To do: Skip every picture while you write out the records below, from the first line through the one that contains "5月20日,寧夏南方商城雄鷹賽車隊車手宋昆、領航員付昕明在發車儀式上。", both ends kept.

Dataset items

-- Opening Marker --

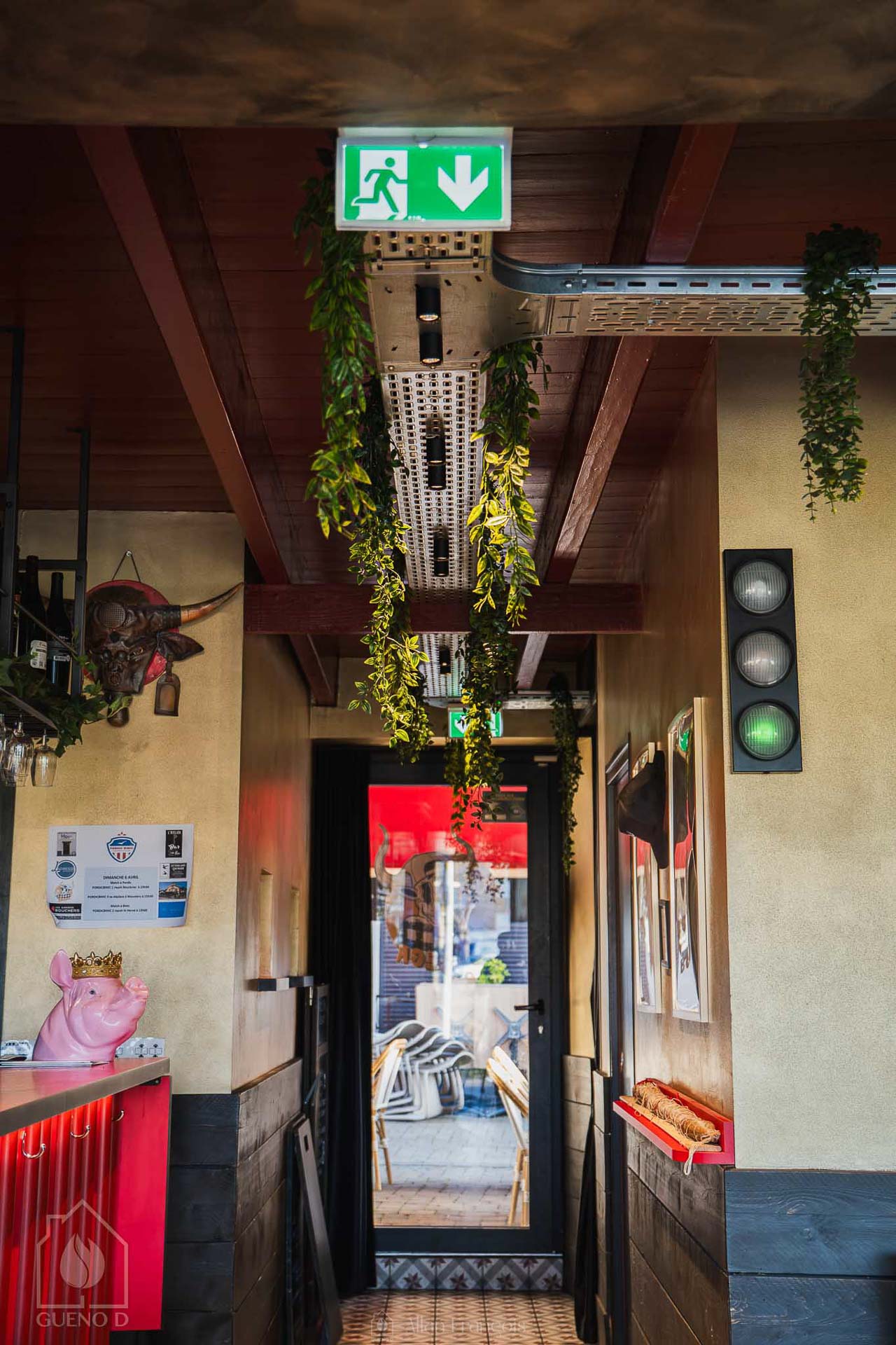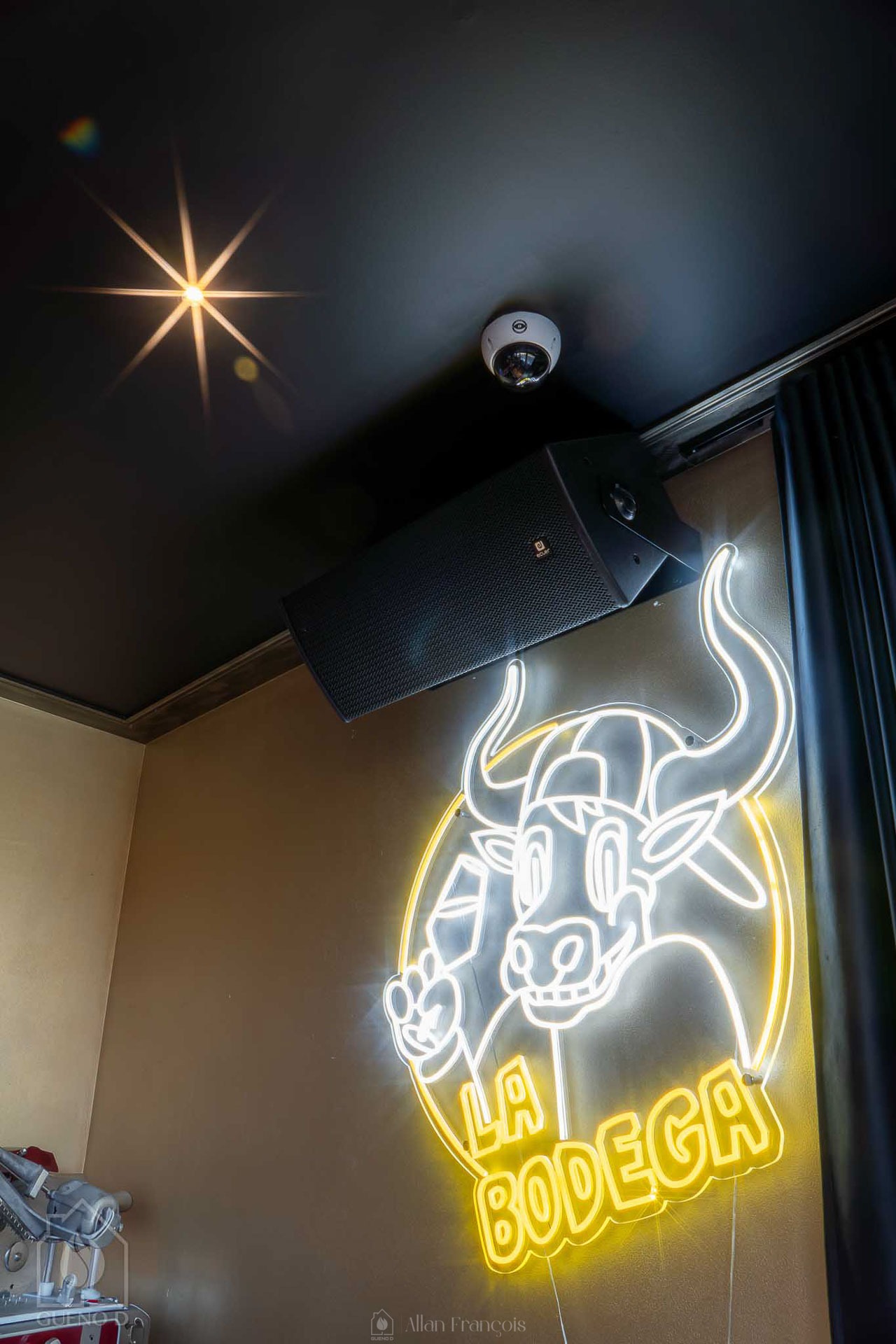 Nous sommes intervenus sur l’ensemble des installations techniques, comprenant les éclairages, les sanitaires et le chauffage. Chaque équipement a été pensé pour répondre aux contraintes d’un établissement recevant du public, tout en participant à l’ambiance générale du bar.
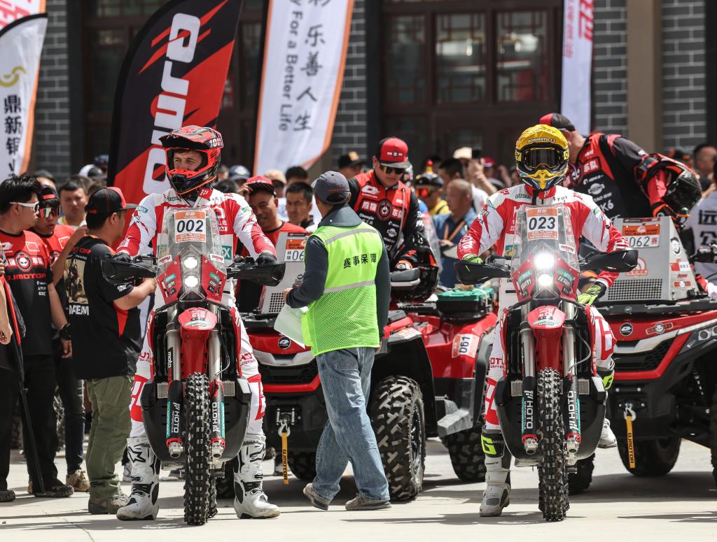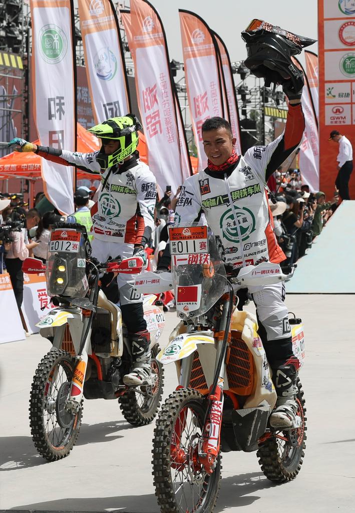 5月20日,寧夏南方商城雄鷹賽車隊車手宋昆、領航員付昕明在發車儀式上。
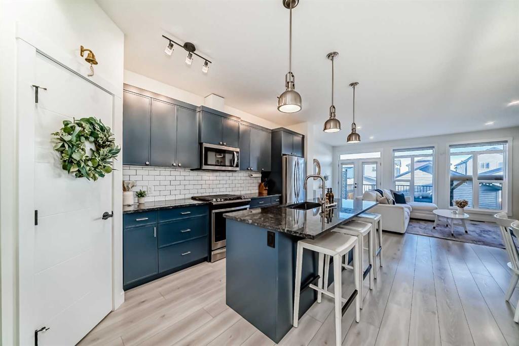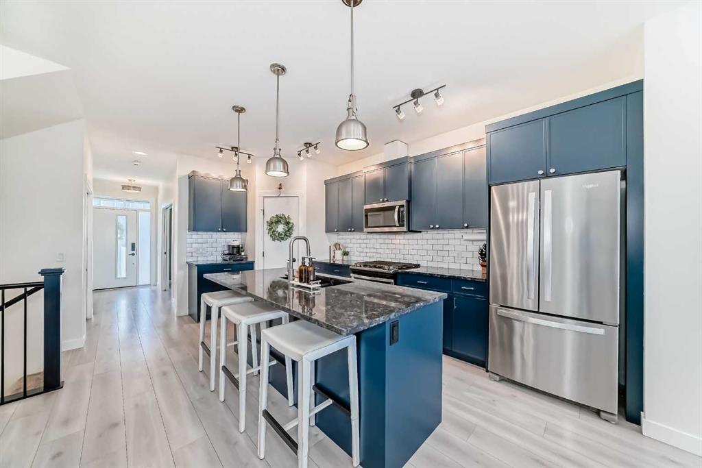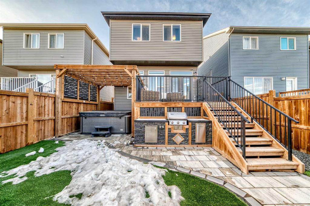 ** OPEN HOUSES - CANCELLED ** Welcome to this stunning, completely move-in ready home in the sought-after community of Chinook Gate. Meticulously maintained and beautifully finished, the pride of ownership is evident from the moment you step through the front door. A generous west-facing office/den offers the perfect work-from-home space, filled with natural light. The bright, open-concept main living area is both functional and stylish, featuring a beautiful kitchen with upgraded lighting, a large island, pantry, ample cupboard space and gas stove. Timeless blue cabinetry paired with grey stone countertops creates a warm yet sophisticated atmosphere. The east-facing living room is a true showpiece, highlighted by an electric fireplace with a shiplap feature wall, natural wood mantle, and custom built-in shelving. An entire wall of windows floods the space with morning light. Both the front and backyard have been thoughtfully landscaped with low-maintenance turf. The backyard is an entertainer’s dream, complete with a large deck, a built-in outdoor kitchen with BBQ, pergola and stone walkway — a space you’ll never want to leave. Upstairs, you’ll find a spacious bonus room and three bedrooms, including a large primary retreat featuring a 4 piece ensuite, a walk-in closet and incredible west-facing private balcony — the perfect place to enjoy your morning coffee. Convenient upper-floor laundry adds to the home’s thoughtful design. The fully finished basement expands your living space with a fourth bedroom, generous recreation area, full bathroom, and plenty of storage. Additional highlights include air conditioning for summer comfort and a double detached garage for secure parking. There is truly nothing missing in this exceptional home — simply move in and start making memories. Located in the vibrant community of Chinook Gate, residents enjoy year-round family events such as community BBQs, summer movie nights, and Easter egg hunts. Just a block from a park and minutes to Chinook Winds Park, schools (elementary through high school), and all amenities, this location offers the perfect blend of lifestyle and convenience.
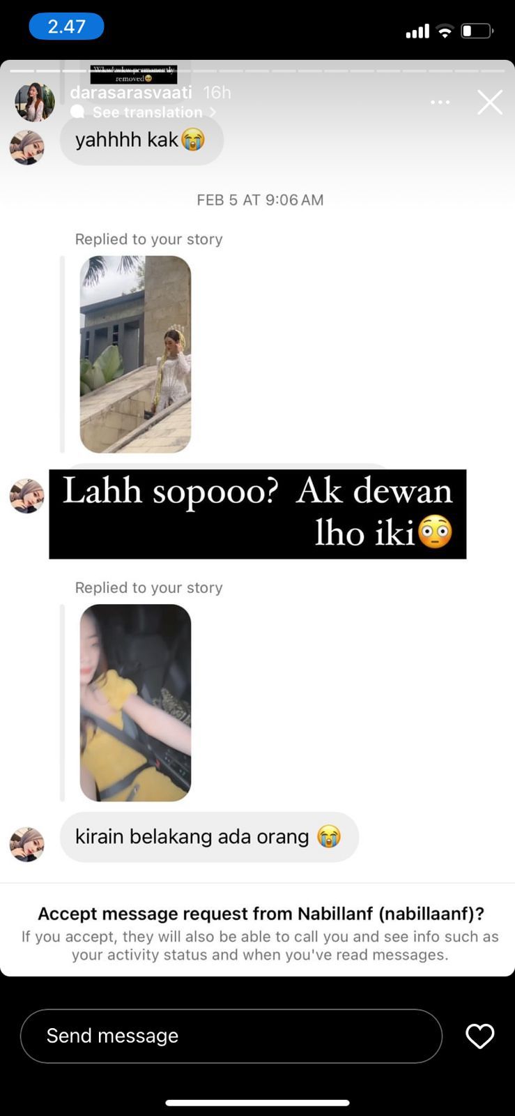 Kisah berawal sewaktu Dara membuat story di instagramnya saat ia mengemudikan mobil.
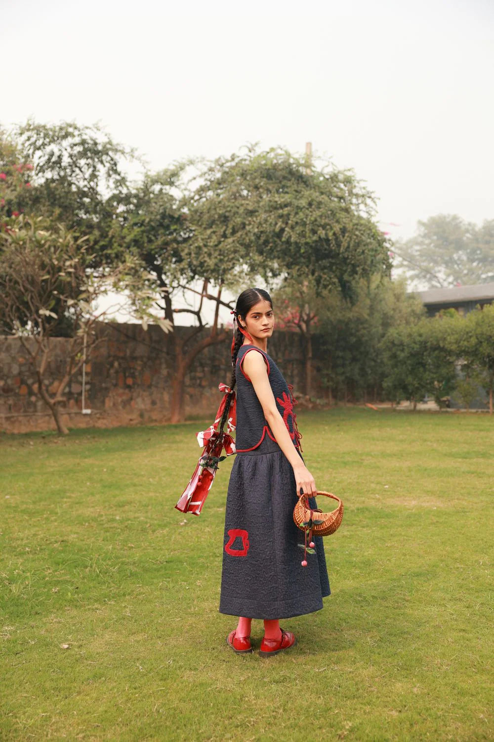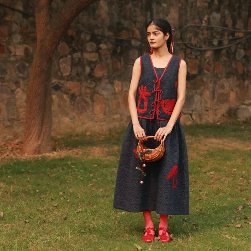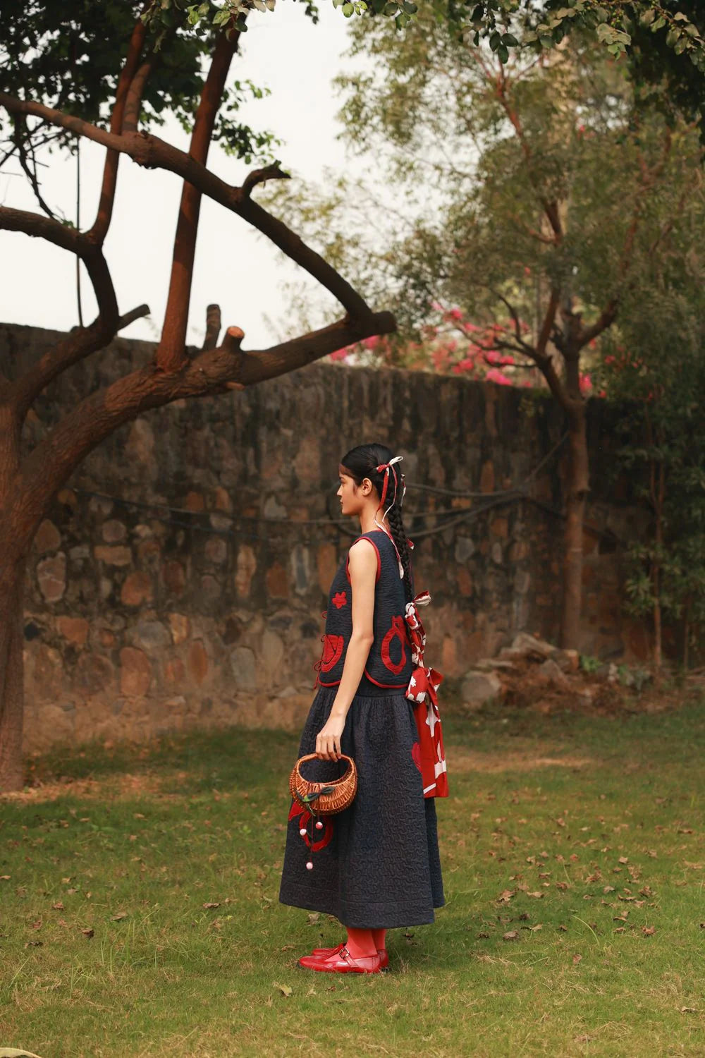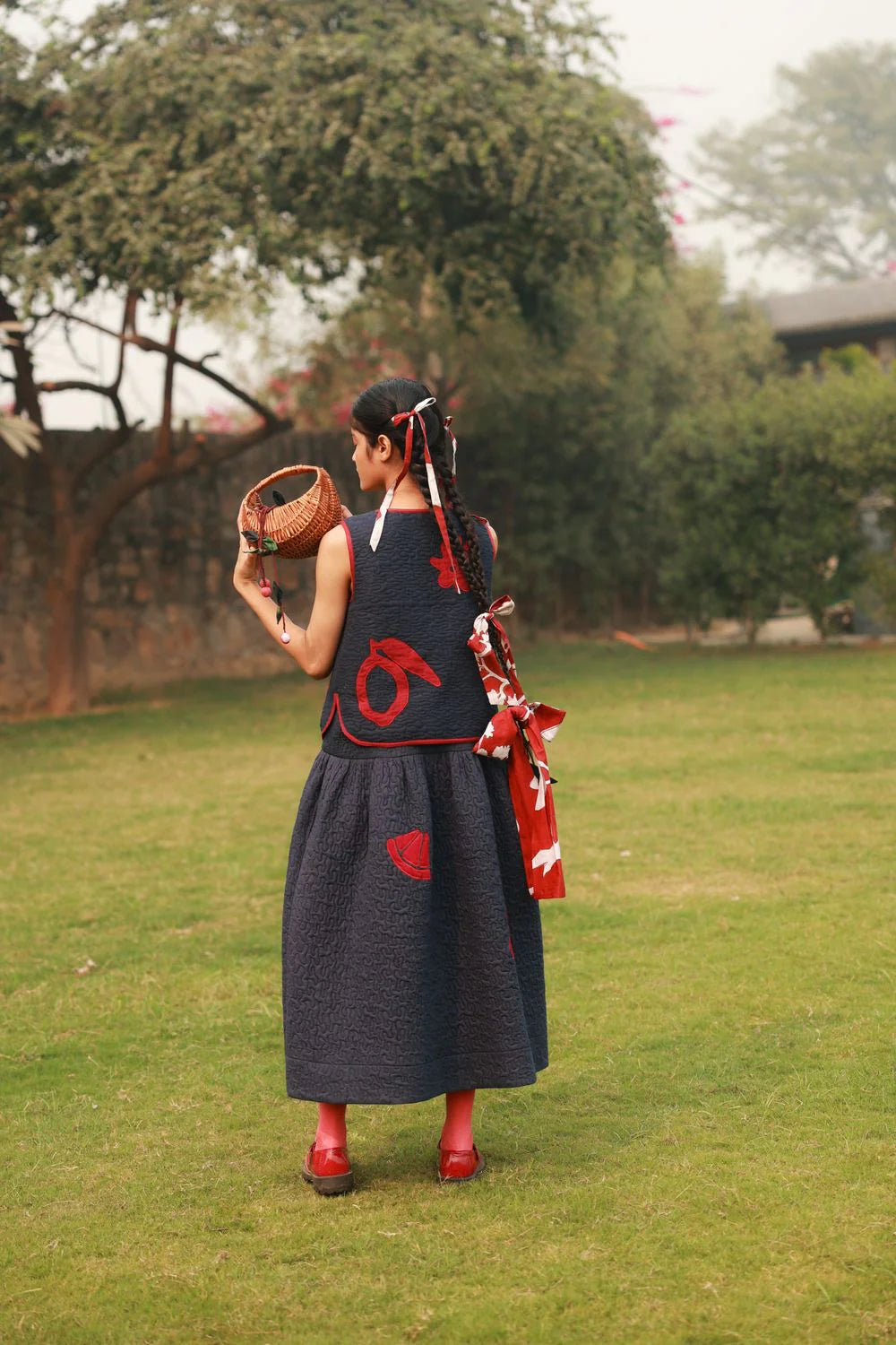 A charming navy quilted vest with bold red appliqué motifs and tie-up closures. Featuring a flattering V-neck and intricate detailing, this versatile piece adds a playful touch to your layering game. Perfect over a dress or paired with a casual outfit.
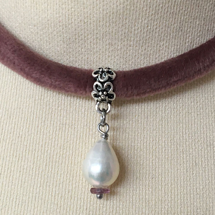 Kette, aus Samt mit Süßwasserperlen-Anhänger und kleiner Glasblüte
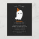 Fira din lilla boo födelsedag med det här söta Halloween-matade födelsedagsinbjudan vykort. Det illustrerar ett vackert spöke som bär en hatt från party. Inbjudan har ett svart, vitt och orange färg-schema och vykortets baksida kan användas för mer information om party eller ett personligt meddelande från kort.

-- Closing Marker --

Exercise output:
 Nous sommes intervenus sur l’ensemble des installations techniques, comprenant les éclairages, les sanitaires et le chauffage. Chaque équipement a été pensé pour répondre aux contraintes d’un établissement recevant du public, tout en participant à l’ambiance générale du bar.
 5月20日,寧夏南方商城雄鷹賽車隊車手宋昆、領航員付昕明在發車儀式上。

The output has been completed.